Work instructions → In the records below, find the line containing "The image depicts" and transcribe it and every line after it exactly; leave the pictures out.

[Opening Recorded information section]

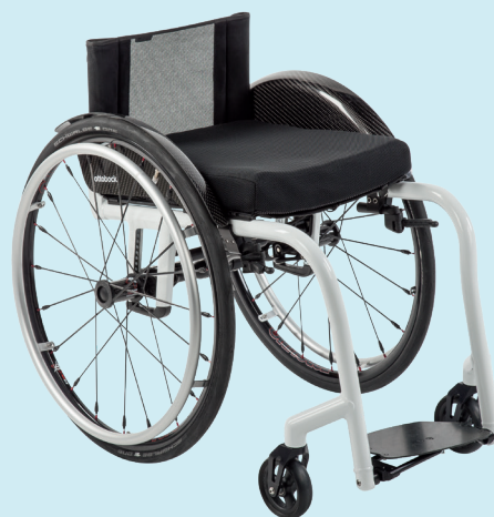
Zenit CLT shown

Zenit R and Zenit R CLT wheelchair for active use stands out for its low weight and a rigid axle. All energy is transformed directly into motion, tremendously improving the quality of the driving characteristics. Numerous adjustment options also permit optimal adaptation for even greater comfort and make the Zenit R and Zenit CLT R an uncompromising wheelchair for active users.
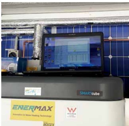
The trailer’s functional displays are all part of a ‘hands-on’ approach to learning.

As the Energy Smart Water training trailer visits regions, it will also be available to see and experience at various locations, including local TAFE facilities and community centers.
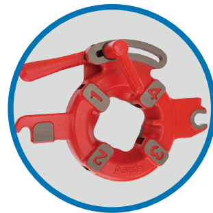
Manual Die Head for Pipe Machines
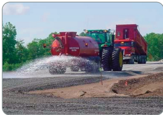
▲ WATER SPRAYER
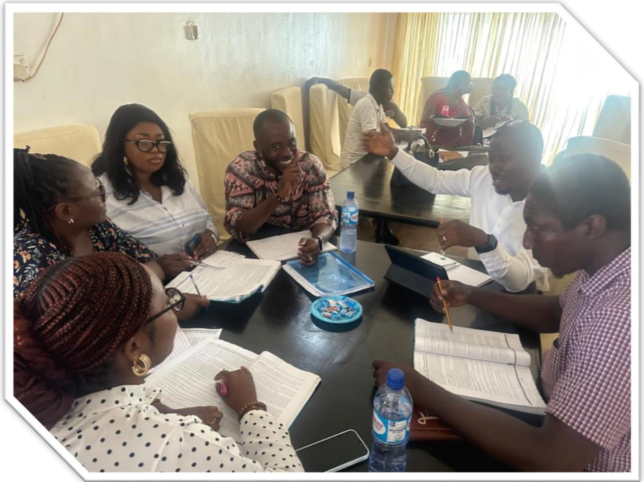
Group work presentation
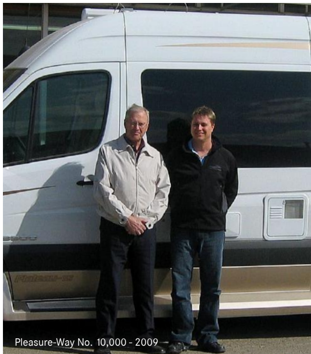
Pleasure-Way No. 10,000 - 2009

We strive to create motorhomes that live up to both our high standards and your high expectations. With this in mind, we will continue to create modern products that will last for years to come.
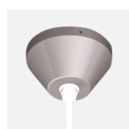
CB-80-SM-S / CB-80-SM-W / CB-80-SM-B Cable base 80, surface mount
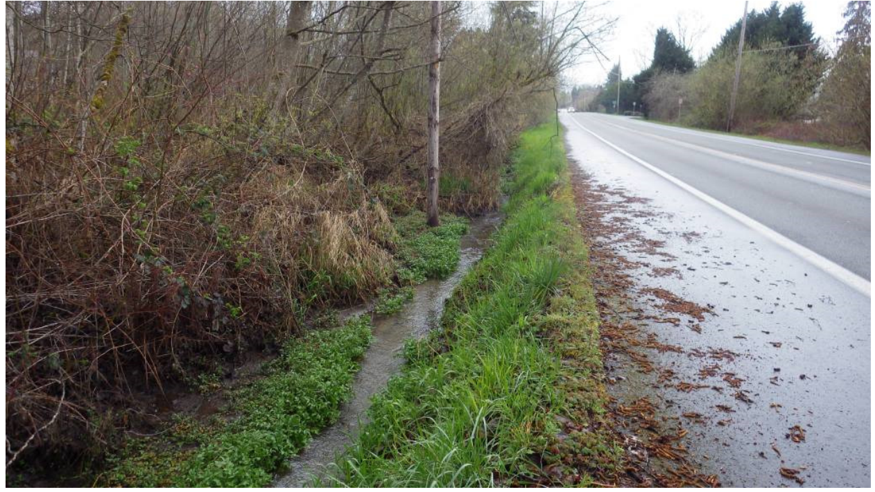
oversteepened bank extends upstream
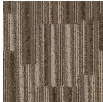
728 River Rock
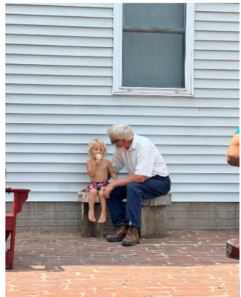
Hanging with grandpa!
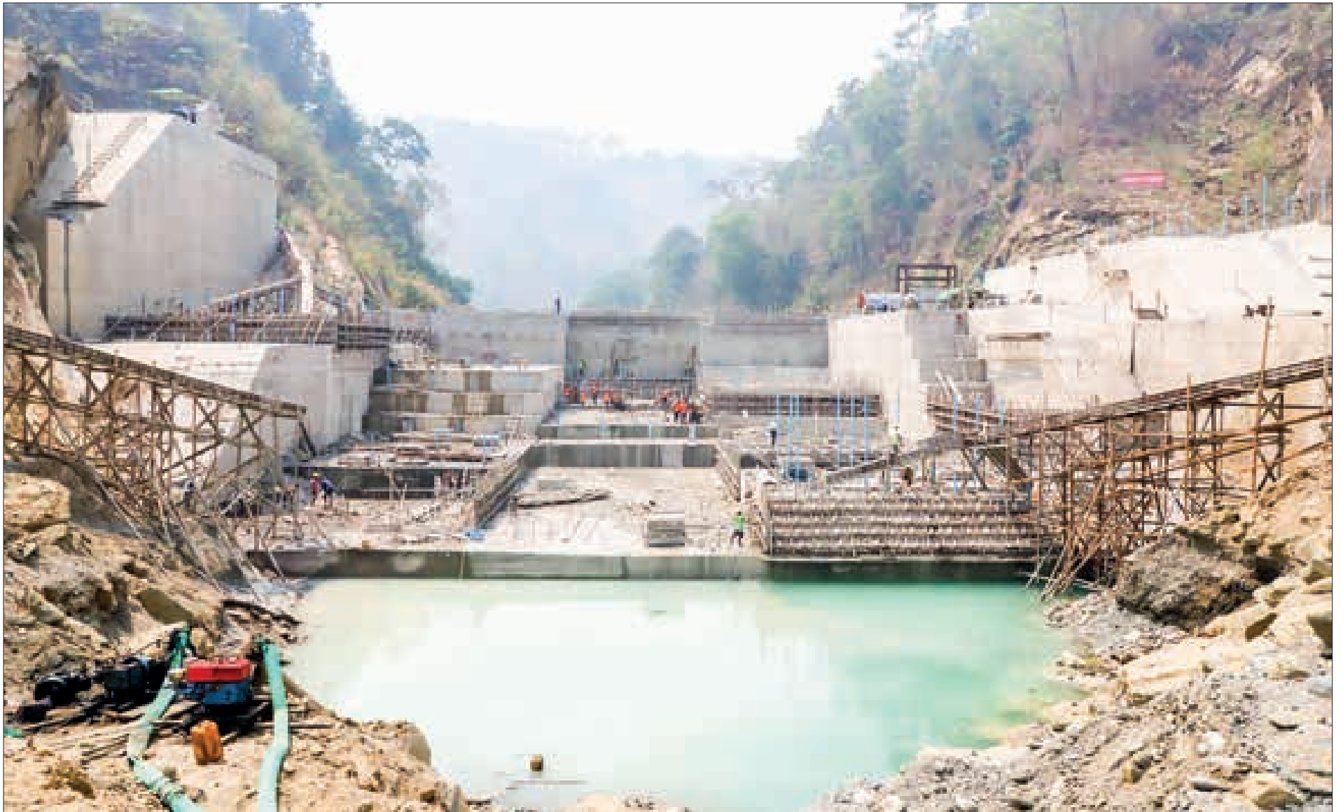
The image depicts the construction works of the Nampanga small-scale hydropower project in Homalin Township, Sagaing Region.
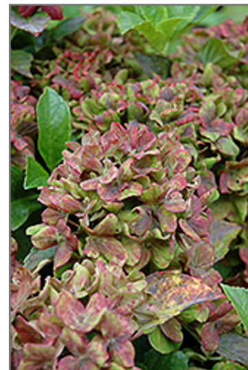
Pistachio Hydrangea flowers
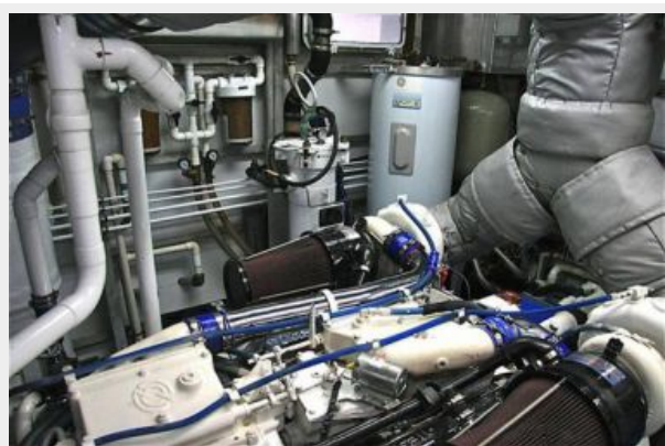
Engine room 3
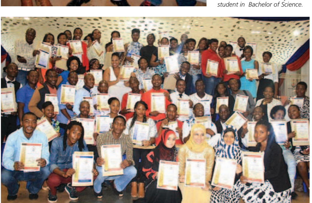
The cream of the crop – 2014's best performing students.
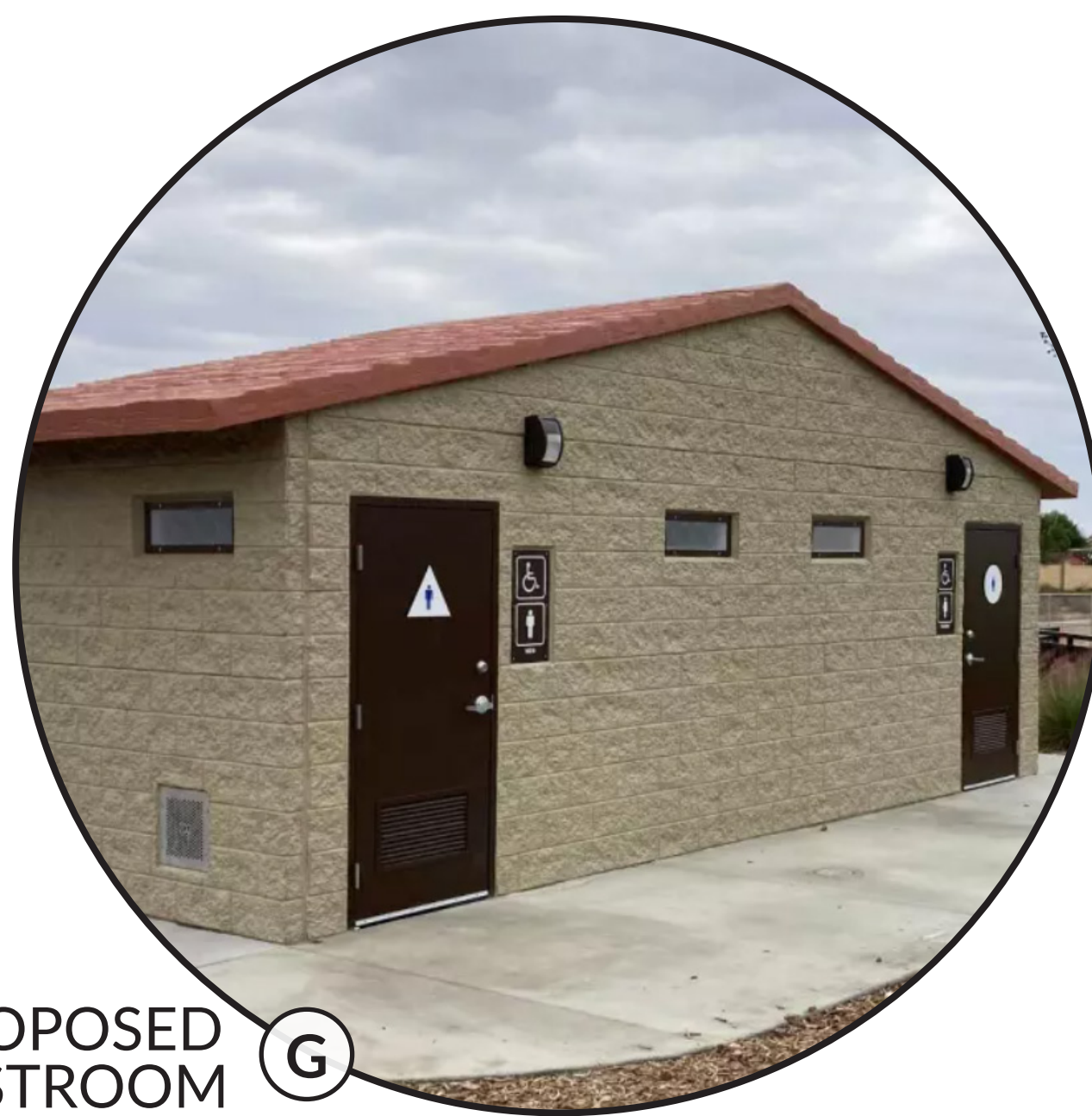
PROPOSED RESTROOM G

[Closing Recorded information section]

Completed exercise →
The image depicts the construction works of the Nampanga small-scale hydropower project in Homalin Township, Sagaing Region.
Pistachio Hydrangea flowers
Engine room 3
The cream of the crop – 2014's best performing students.
PROPOSED RESTROOM G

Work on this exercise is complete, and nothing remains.